That the music and career of Max Reger are once again attracting
interest among scholars outside Germany is welcome. As Reinhold
Brinkmann points out, Reger’s music has hovered on the periphery of the
standard repertory, in part owing to the persistent advocacy of key
performers, most notably two generations of Serkins. Nonetheless, despite
a substantial lack of active familiarity with the music itself, Reger is one of
those composers to whom certain clichés stick whether or not they fit. His
music is considered academic, knotty, dense, and thick. Reger remains
most closely associated with what is regarded to have been a conservative
historicism or neoclassicism in the trajectory of a neo-Brahmsian notion of
“absolute” music. In the essays in this volume, Reger’s connection to
Brahms, and by implication, Schoenberg, given Schoenberg’s celebrated
revisionist view of Brahms, is touched upon more than once.
Although the contributors to this volume, and Frisch himself in his
new book, provide important close readings of many of Reger’s works,
including the Concerto for Piano, op. 114, there is very little discussion of
his music for orchestra. Whatever one may think of the hierarchies of
musical genres, particularly the prestige of chamber music, a composer’s
career and reputation in the later nineteenth century depended greatly on
the fate of music written for large forces for a wide public. These genres
include opera, ballet, and choral and orchestral music. It has been argued
that Brahms’s relatively late emergence as a composer of music for orchestra
in the 1870s was prompted not only by psychological factors and anxieties,
but by the need to counter the phenomenal public success of Wagner.6
Those skeptical of Wagner’s ambitions and aesthetic prejudices sought to
compete with him, albeit indirectly, after 1870 by reaching the public with
large-scale works with an inherent dramatic power. Max Bruch turned to
the secular oratorio. Brahms chose the symphony and concerto.
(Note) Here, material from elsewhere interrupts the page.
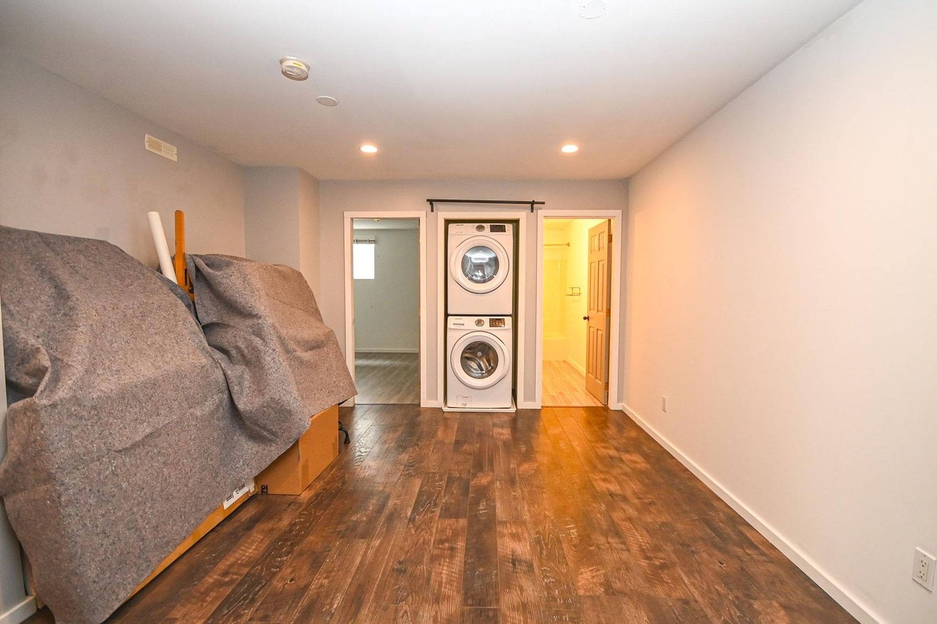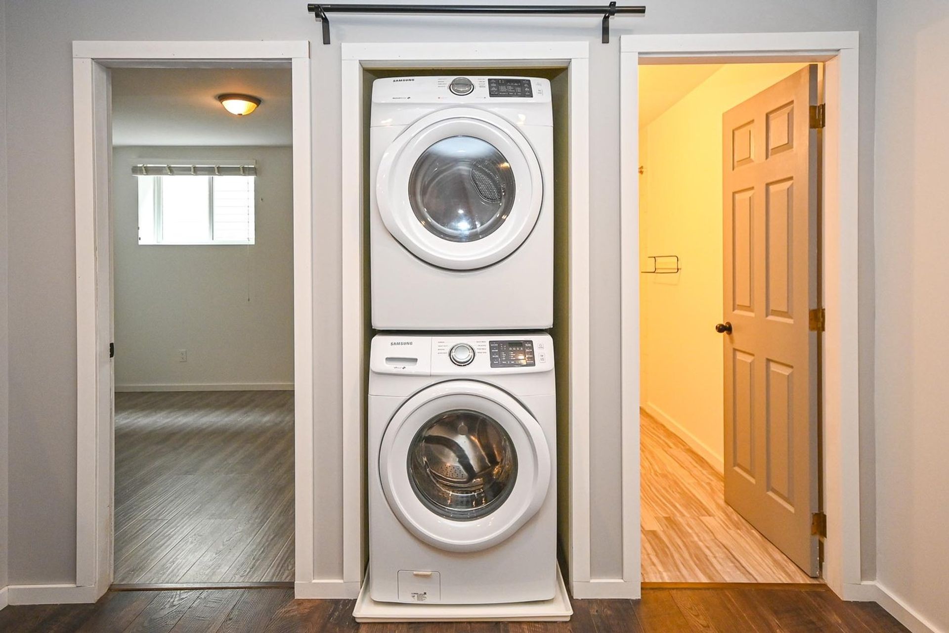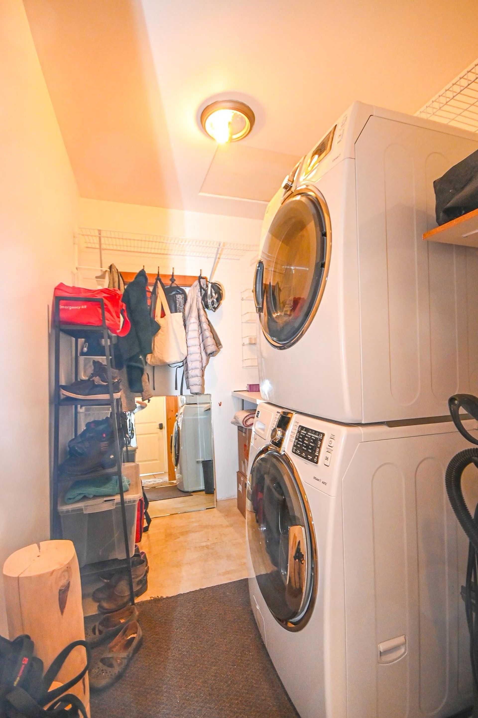 The lower level has a shared foyer entryway with access to the home’s suite and a secondary foyer used solely by those living on the main floor. Off of the main living space’s foyer is a dedicated laundry room with a full-sized stacked washer and dryer and a decent amount of storage space. Both foyer areas and laundry room have new tile flooring.

Max Reger was the author of an important body of orchestral music
beyond the concerti for violin and piano. Indeed, it was through this
orchestral music, including the massive and brilliant Psalm 100 for chorus
and orchestra, that Reger’s reputation as a major figure of German music
came to be widely known. It was the orchestral music that during the 1920s
sustained the argument about what might have been had Reger lived. And
Reger, like Mendelssohn before him, wrote both “absolute” music for
orchestra (the three sets of variations on themes by Hiller, Mozart, and
Beethoven) and so-called “program” music (e.g., the Romantic Suite).
Notes from the Editor 623
One of the most popular series of guidebooks for music lovers in the
early twentieth century was Schlesinger’s Musikbibliothek, published in Berlin.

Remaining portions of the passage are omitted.